Data excerpts:
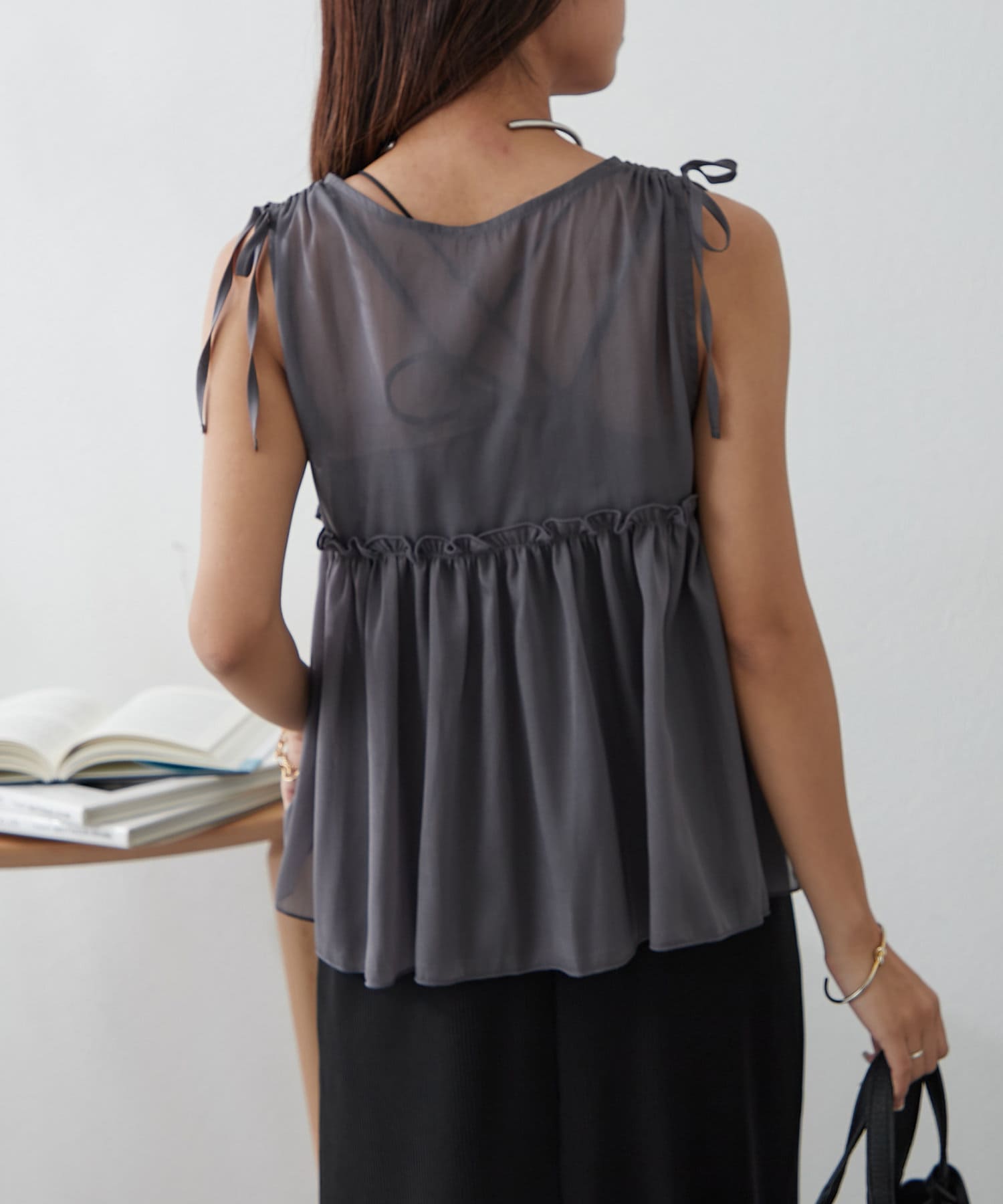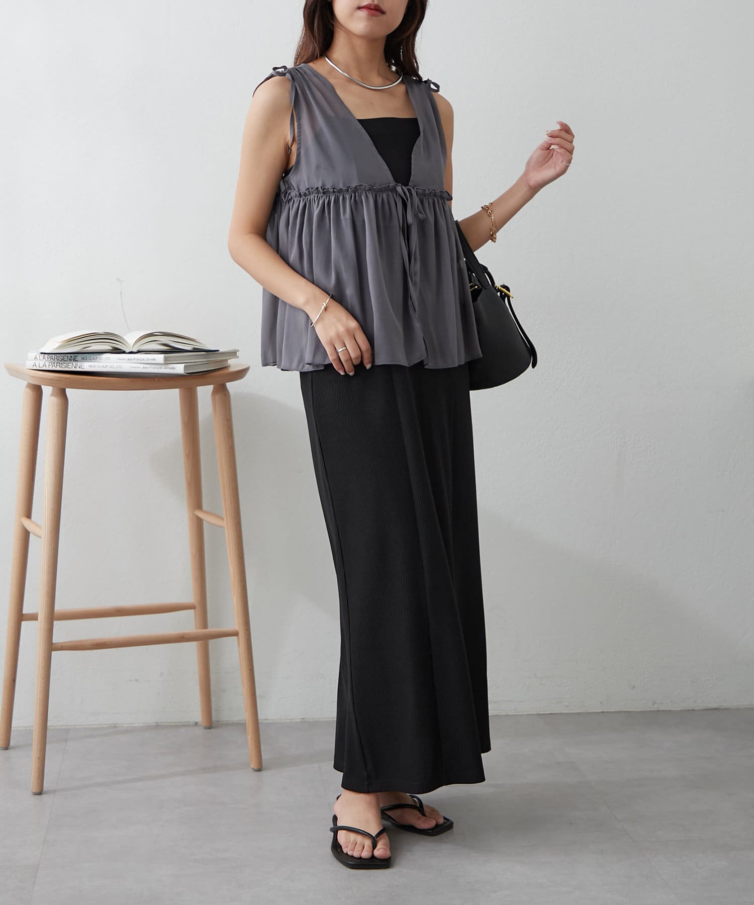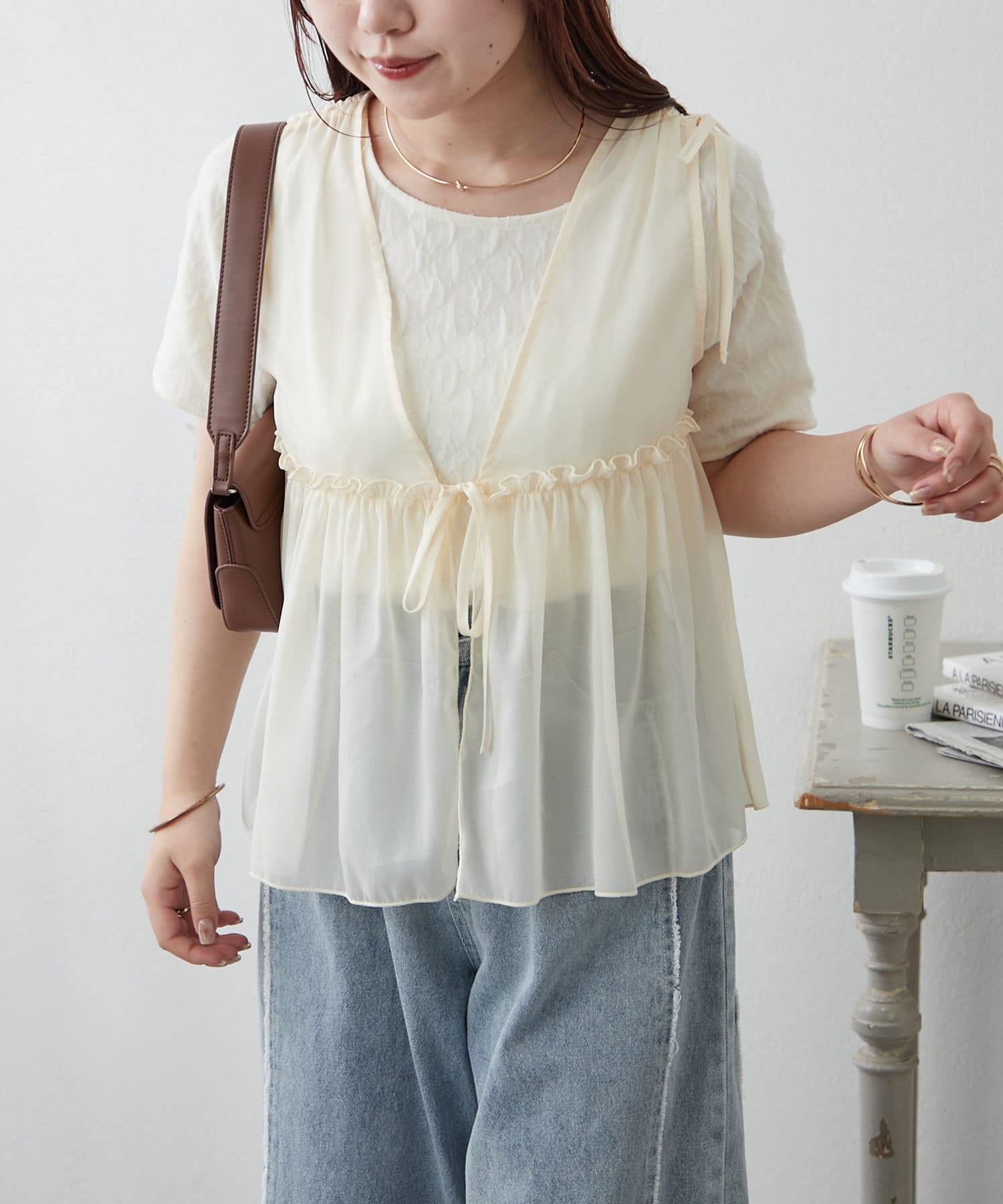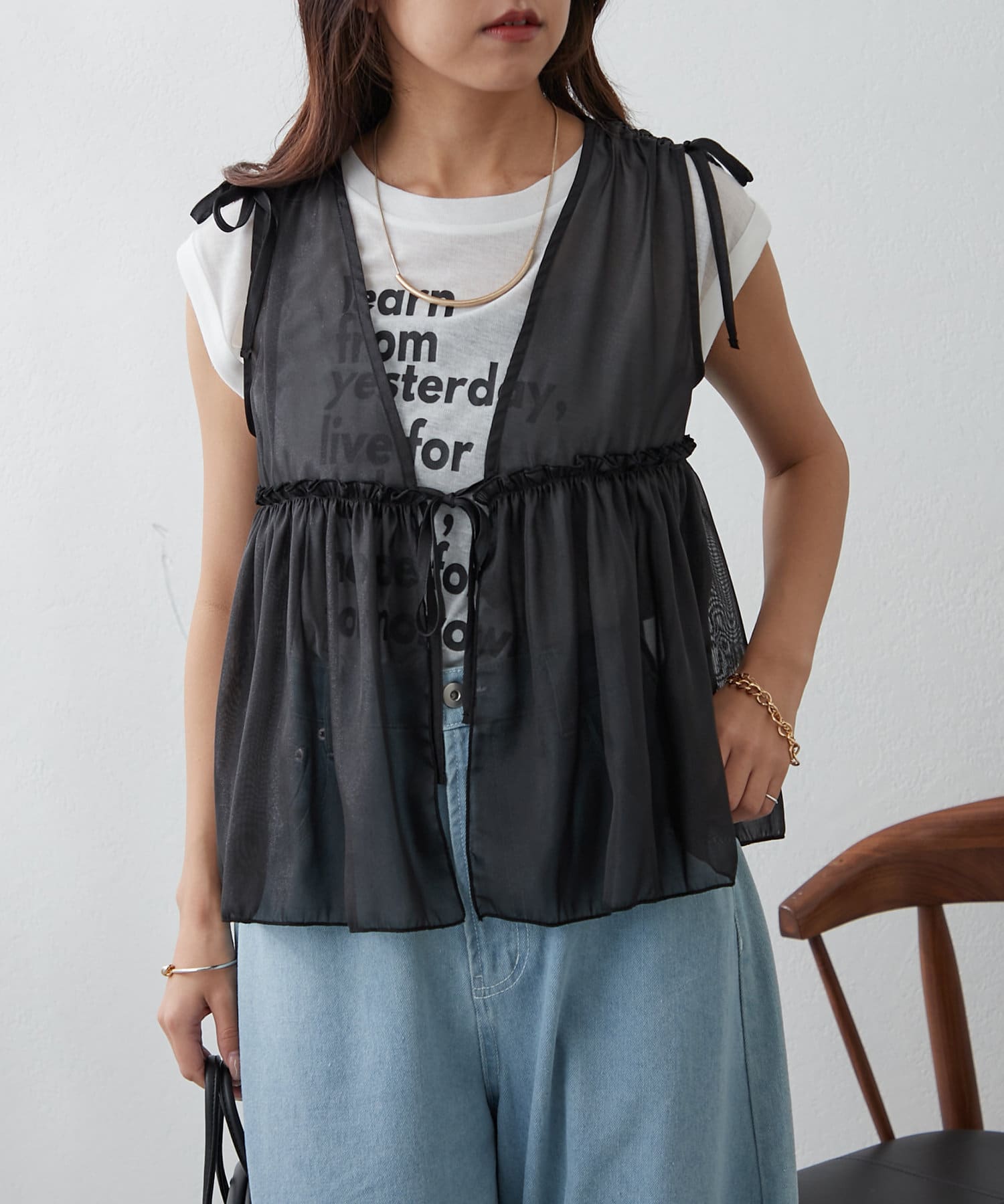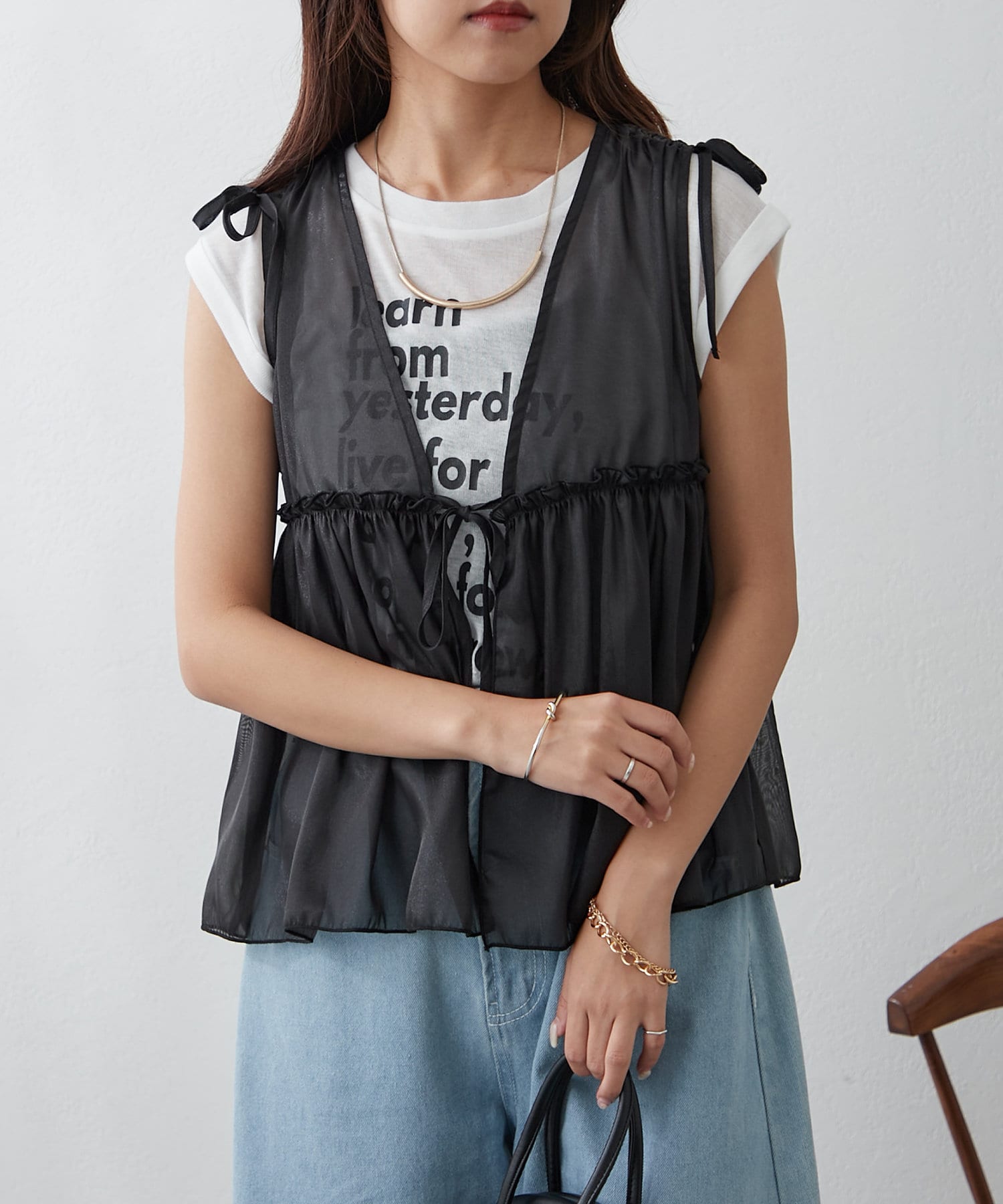 ・光沢と透け感のある素材が夏にピッタリなベスト
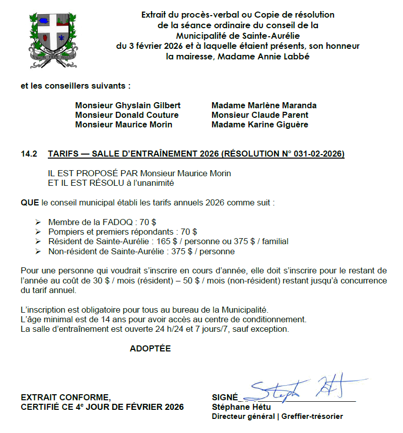 Tous droits réservés © 2026 Municipalité de Sainte-Aurélie
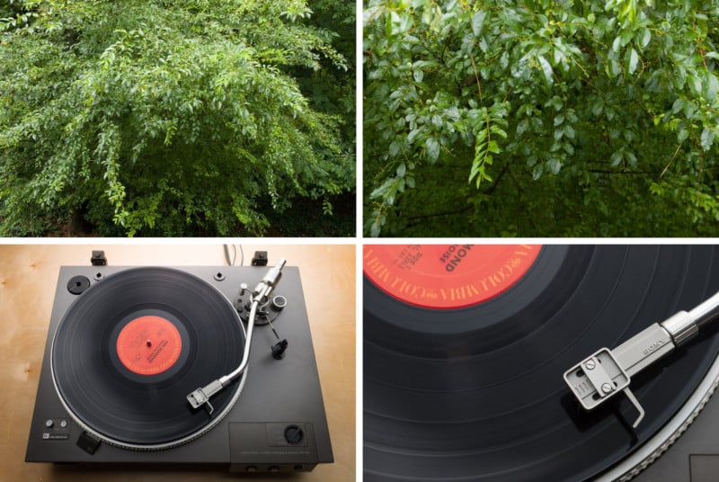 Ames used a kit lens that came with the Canon 20D in 2004 on his Canon R5 as the battery on the old 20D was toast. This kit lens is 17 years old! The two sets of photos of foliage and a turntable show remarkable quality. Each pair of photos below are wide-angle 18mm on the left and telephoto 55mm on the right. © Kevin Ames, photo courtesy Photofocus
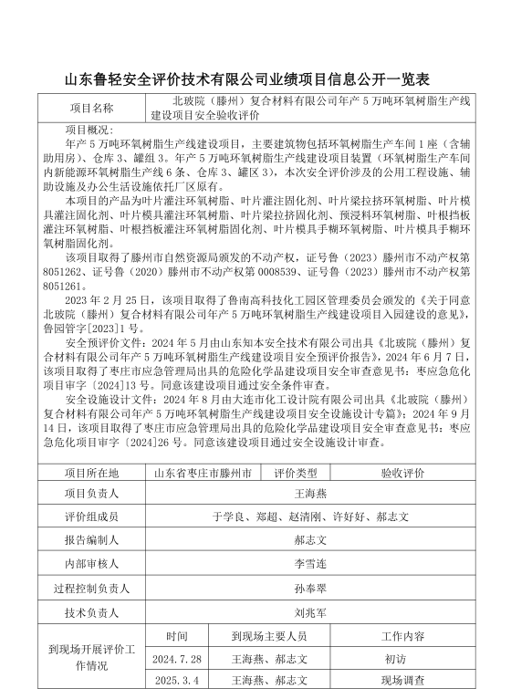 北玻院(滕州)复合材料有限公司年产5万吨环氧树脂生产线建设项目安全验收评价
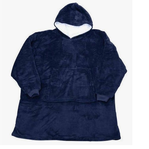 Huggle Κουβέρτα Μπλε Καρώ Βελουτέ με Μανίκια και Κουκούλα 70x90cm

Instructions to follow: Reproduce the records, all of them, word for word; omit the pictures.

Answer area:
 ・光沢と透け感のある素材が夏にピッタリなベスト
 Tous droits réservés © 2026 Municipalité de Sainte-Aurélie
 Ames used a kit lens that came with the Canon 20D in 2004 on his Canon R5 as the battery on the old 20D was toast. This kit lens is 17 years old! The two sets of photos of foliage and a turntable show remarkable quality. Each pair of photos below are wide-angle 18mm on the left and telephoto 55mm on the right. © Kevin Ames, photo courtesy Photofocus
 北玻院(滕州)复合材料有限公司年产5万吨环氧树脂生产线建设项目安全验收评价
 Huggle Κουβέρτα Μπλε Καρώ Βελουτέ με Μανίκια και Κουκούλα 70x90cm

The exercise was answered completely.